In this article we connect with Sony Artisan and longtime photographer Ira Block for his top tips on street photography.

Photo by Ira Block. Sony Alpha 7C. Sony 24mm f/2.8 G. 1/2000-sec., f/3.5, ISO 400

Photo by Ira Block. Sony Alpha 7C. Sony 40mm f/2.5 G. 1/320-sec., f/6.3, ISO 200

Photo by Ira Block. Sony Alpha 7C. Sony 24mm f/2.8 G. 1/1000-sec., f/2.8, ISO 640

Photo by Ira Block. Sony Alpha 7C. Sony 40mm f/2.5 G. 1/400-sec., f/4, ISO 800

Photo by Ira Block. Sony Alpha 7C. Sony 50mm f/2.5 G. 1/250-sec., f/5.6, ISO 160

Photo by Ira Block. Sony Alpha 7C. Sony 24mm f/1.4 G Master. 1/320-sec., f/5, ISO 200

Street photography can be a particularly difficult genre. Besides having to be ready to capture the moment in an instant with your camera, and making sure the moment that you’re capturing is interesting, you also have to overcome any uneasiness of photographing strangers. Ira Block has been shooting street photography for many years, and while it’s a constant education, through his experience he’s picked up on a few ways to make it a little easier. In this article, the Sony Artisan shares some of his top tips for capturing authentic moments in a variety of street photography scenarios. “These are not hard, fast rules.

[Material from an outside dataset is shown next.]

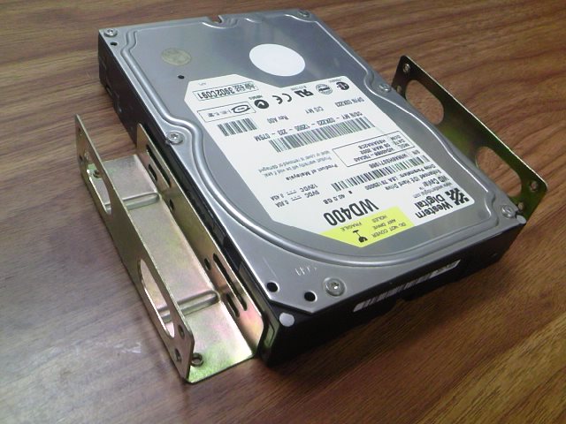 蓋がある状態なら、専用の金具(下写真参照)を用いて、5インチベイにハードディスクを装着すればOKだ。

These are just some things over the years I've noticed. Certain things work sometimes, certain things work differently other times – it all depends on the situation.” Keep reading to learn more about different street photography styles, which gear to use and the best approaches for photographing people on the streets.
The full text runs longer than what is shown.